A quick introduction to data modeling in real world applications

Data modeling is one of those obscure topics that everyone has an idea of but no one can’t really explain in detail what it’s all about. In the last few interviews I had, I was asked a lot of questions on this topic, which led me to learn more about this topic and how it’s done, what the key considerations are and specifics regarding this concept when applied to different kinds of databases.

So, what is it, really?

Data modeling can be defined as understanding what data is relevant to the use case, the way that data is going to be represented and worked with (in context of our use case), and how to represent this ‘model’ of the system to others.

Basically create a simplified model of what the use case needs and how data and system components are going to interact.

As we have real world entities, we want to map them to some concept in our database.
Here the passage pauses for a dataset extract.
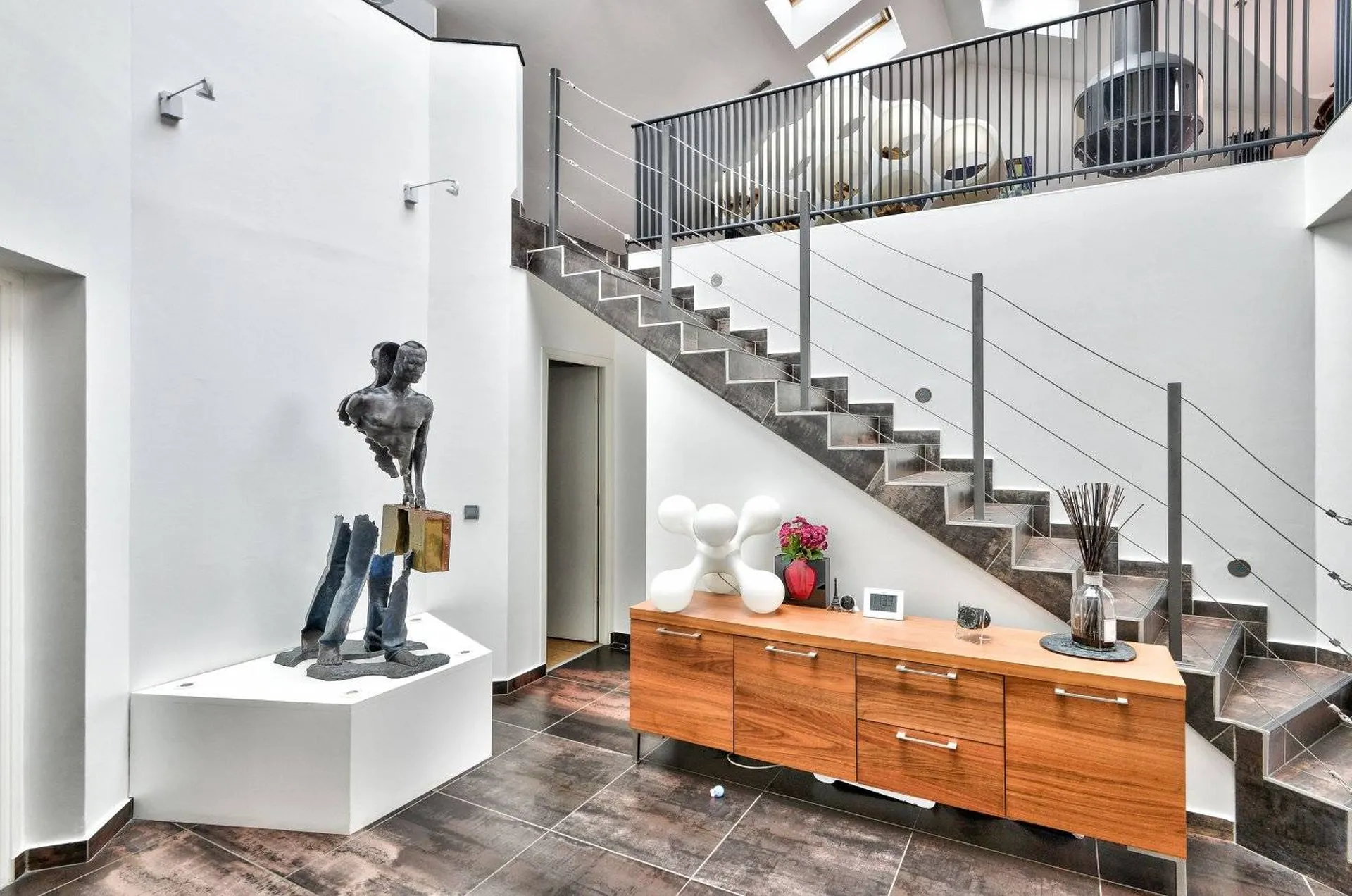 L’escalier menant à l’étage donne sur toute la pièce de vie principale ainsi que sur la cuisine.

This can be a person, books, ships or anything that we want to represent.

Both tangible (people, cars, houses) and intangible (loans, accounts) entities are considered, as per needs of the system. These are generally represented as tables in Relational databases like Postgres, and collections in Document databases like MongoDB.

(The original Relational model uses entity sets to refer to what we are calling entities.)

Specific examples of these entities are called as Entity instances - a particular person or bank account or book.

Attributes are things that describe an entity. Examples are - (name, author, ISBN, price) for a book.

Relationships define connections between entities. For example books are connected to authors and genres.

The data modeling process

As with all sw processes, we should start by talking about some key considerations to keep in mind when designing a data model.

Understand application requirements and workload What kind of data entities are required, what relationships exist between them, how will this kind of data be accessed (access patterns - queries). This is the most important part of the data modelling process.

Some more nuanced stuff when it comes to this part are estimation of data sizes, listing all potential operations ranked by importance, estimates of the number of queries running per day, etc.
Mapping entities and relationships In this phase we build a basic schema that defines entities under consideration by our system and the relationships between them. The kind of relationship between entities is also important.

This is usually done through a diagrammatic representation, using ER diagrams for relational dbs and Collection relationship diagrams for mongodb.
Apply relevant design patterns This requires some domain expertise, as you’ll need to find suitable design patterns based on your use case (access patterns defined in the first step), map them out to your specific data model and refine it based on the design pattern being used.

Interesting things in modelling data for MongoDB

Mongo is not a relational database, so you don’t have the concept of foreign keys there. But we still need to define relationships between different kinds of entities, which is where linking and embedding are useful.

Linking is where we place some unique field of one entity to link it to another entity. This is usually done by referencing id (or a bunch of ids) of documents of one collection in another collection. It looks somewhat like this:

Embedding is when you put the whole object (or objects) into the entity it has a relationship with. So object of one entity can contain fully one or more objects of another entity type. This is pretty useful when the other entities are required along with the first, which saves time while querying.

Decisions on whether to link or embed are made by understanding the way the data is going to be accessed. You’ll need to consider whether data is queried using embedded info, how often will the embedded info really be used and the frequency of updates to the embedded data.

A hybrid of link and embed can be used, depending on the use case where some entities need to be accessed together frequently but some are rarely needed while querying the parent entity.

Link and embed are somewhat parallel to normalization and denormalization concepts in relational databases.